══ Data supplied ══

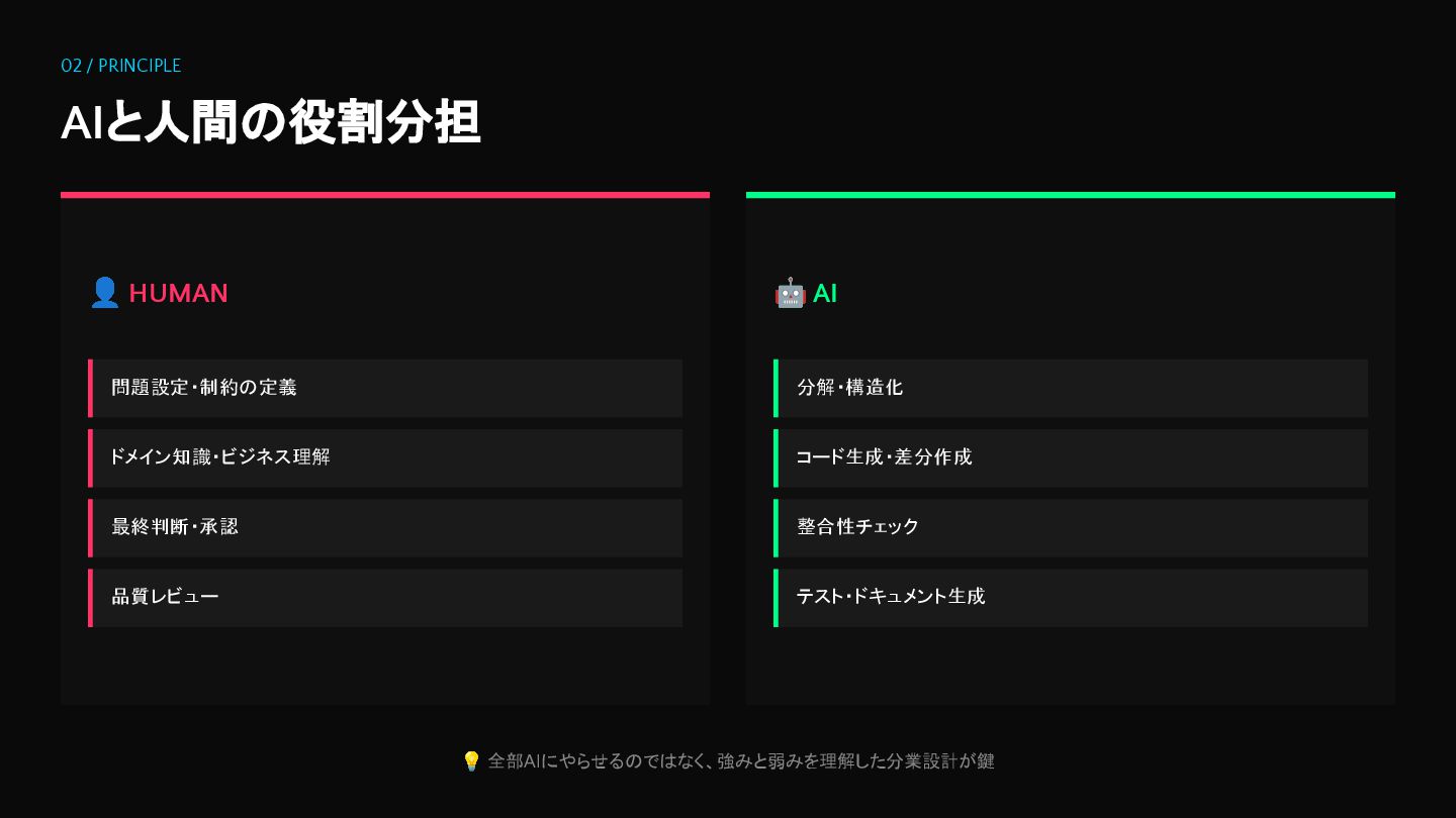 02 / PRINCIPLE AIと人間の役割分担 👤 HUMAN 問題設定・制約の定義 ドメイン知識・ビジネス理解 最終判断・承認 品質レビュー
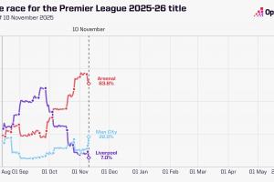 英超夺冠概率走势:利物浦从领跑跌至7%,目前阿森纳64%曼城23%
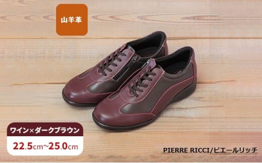 【PIERRE RICCI】ピエールリッチ やわらか山羊革5E快適軽量レディースシューズ ワイン×ダークブラウン(婦人靴)23.5cm [№5990-7308]0224
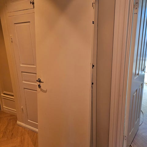 Säljer en gammal kompakt vit innerdörr med monterat dörrhandtag och lås.
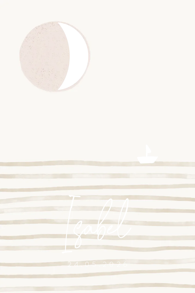 Geboortekaartje met zee, bootje en maanstand met goudfolie - beige
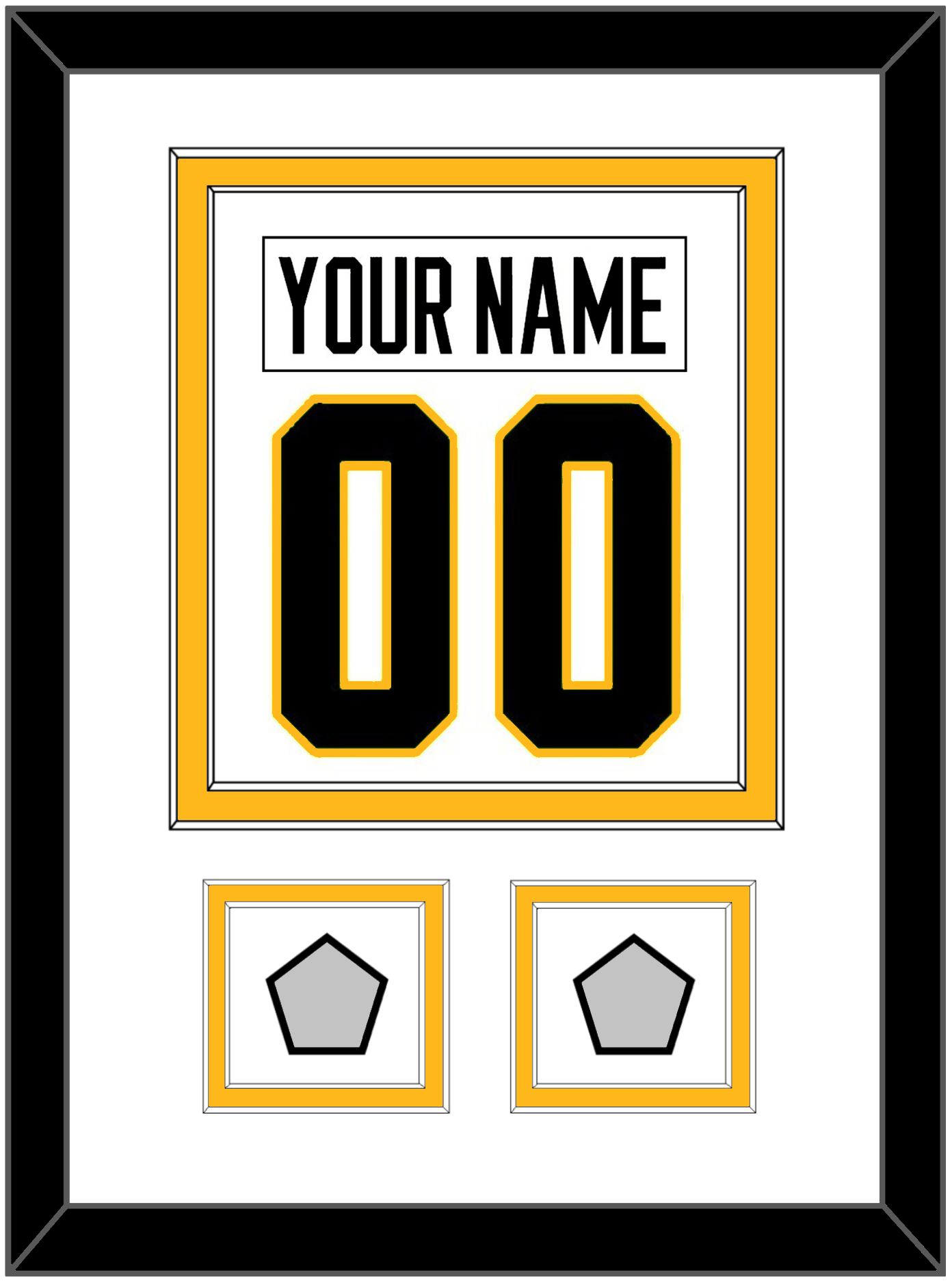 Pittsburgh Road White Jersey Nameplate & Number (From The Back Of The Jersey) With 2 Stanley Cup Champions Patches: 1991 & 1992, 2009 & 2016 Or 2016 & 2017. Double Mat Cut: White Mat Over A Gold Mat. White Nameplate, Black Number & Patches Mounted On A White Mat. Black Frame.
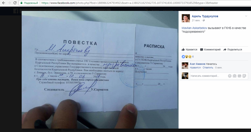Civil activist Mavlyan Askarbekov was summoned for questioning to the State Committee for National Security as a suspect. Civil activist Adil Turdukulov said on Facebook.
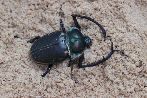 阳彩臂金龟(学名:Cheirotonus jansoni)隶属鞘翅目、金龟总科臂金龟科,是我国特有物种。阳彩臂金龟喜欢栖息于热带、亚热带的常绿阔叶林或常绿落叶阔叶混交林林中,成虫需要在开阔的空间林地进行活动,幼虫只有在大型朽木中才能生存,通常要经过2年或更长的时间才能完成发育。
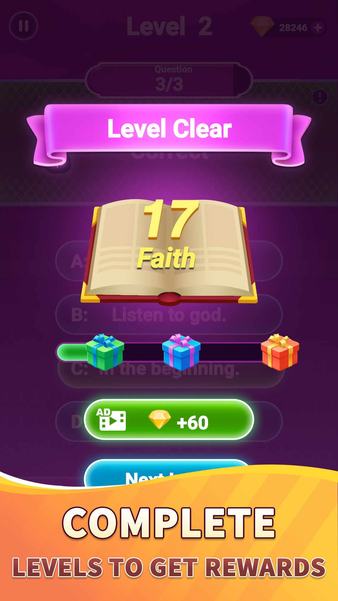 Experience Bible Trivia Game, Enjoy Bible quiz games with levels!
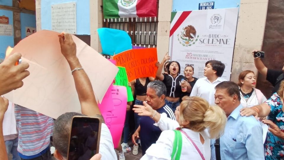 Al inicio, la situación se mantenía pacífica. Sin embargo, cuando los manifestantes inconformes colocaron una cinta a modo de “clausura” en la entrada del edificio municipal, una persona del grupo que apoya al gobierno la retiró violentamente, lo que provocó el inicio de los insultos.
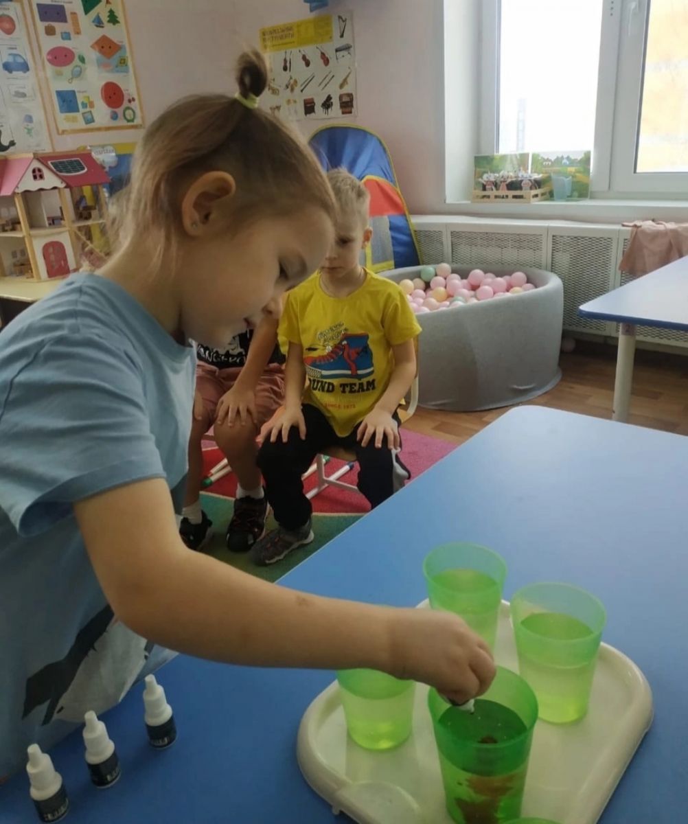 В этом возрасте дети знают, что растения пьют воду при помощи корней. Но вот как вода движется по растению от корня к листьям? Воспитанники группы 9 под руководством воспитателя Анастасии Дмитриевны решили узнать это наглядно.
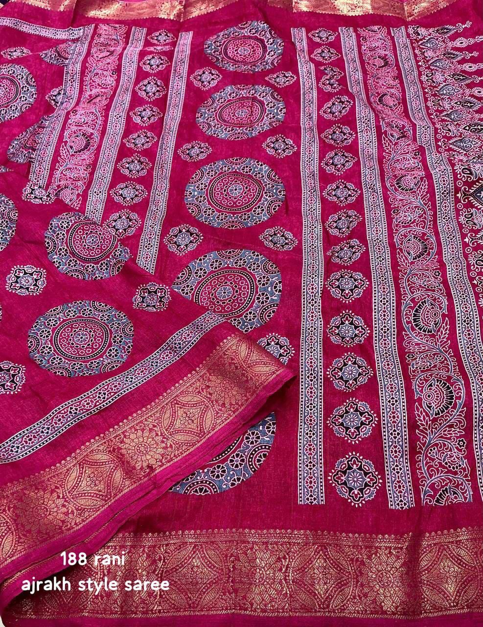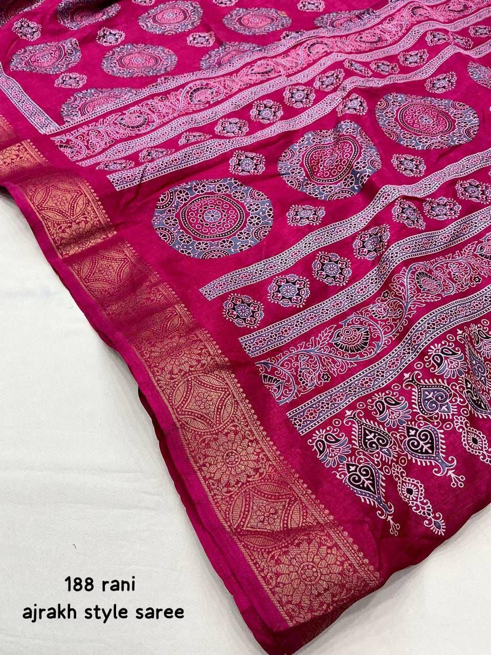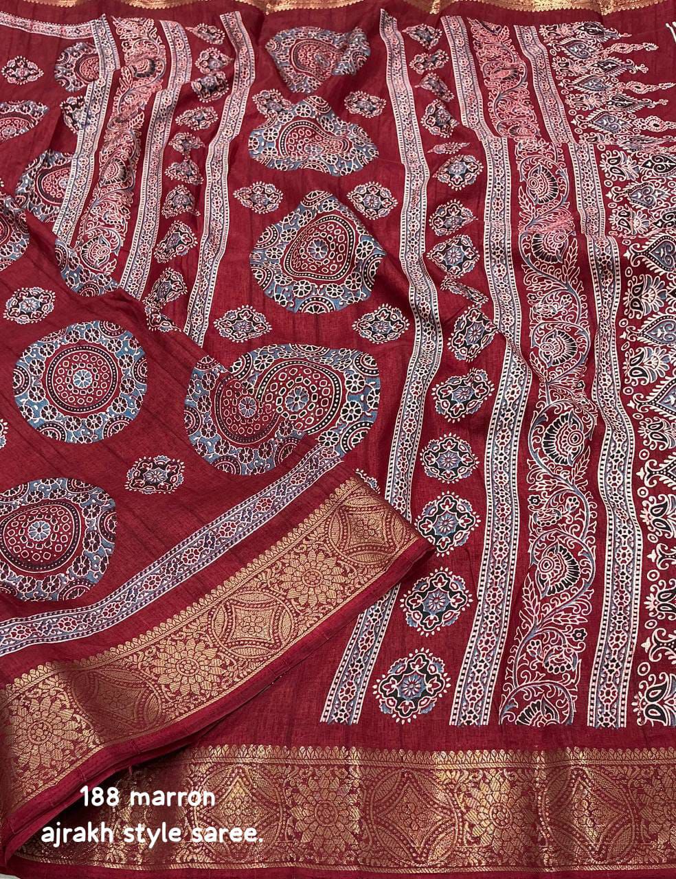 Elevate your ethnic wardrobe with the AK Handloom Ajrakh Saree, a graceful blend of tradition and elegance. Crafted from soft slub silk fabric, this saree features timeless Ajrakh-style block prints, bringing centuries-old craft to modern fashion. The look is enhanced with a shimmering zari woven pattu border, adding a touch of festive richness.

═══

* [To do]
In the data above, find the line with "阳彩臂金龟(学名:Cheir" and the line with "В этом возрасте". Please copy exactly those two lines and every line between them, but not the pictures.

* [Exercise output]
 阳彩臂金龟(学名:Cheirotonus jansoni)隶属鞘翅目、金龟总科臂金龟科,是我国特有物种。阳彩臂金龟喜欢栖息于热带、亚热带的常绿阔叶林或常绿落叶阔叶混交林林中,成虫需要在开阔的空间林地进行活动,幼虫只有在大型朽木中才能生存,通常要经过2年或更长的时间才能完成发育。
 Experience Bible Trivia Game, Enjoy Bible quiz games with levels!
 Al inicio, la situación se mantenía pacífica. Sin embargo, cuando los manifestantes inconformes colocaron una cinta a modo de “clausura” en la entrada del edificio municipal, una persona del grupo que apoya al gobierno la retiró violentamente, lo que provocó el inicio de los insultos.
 В этом возрасте дети знают, что растения пьют воду при помощи корней. Но вот как вода движется по растению от корня к листьям? Воспитанники группы 9 под руководством воспитателя Анастасии Дмитриевны решили узнать это наглядно.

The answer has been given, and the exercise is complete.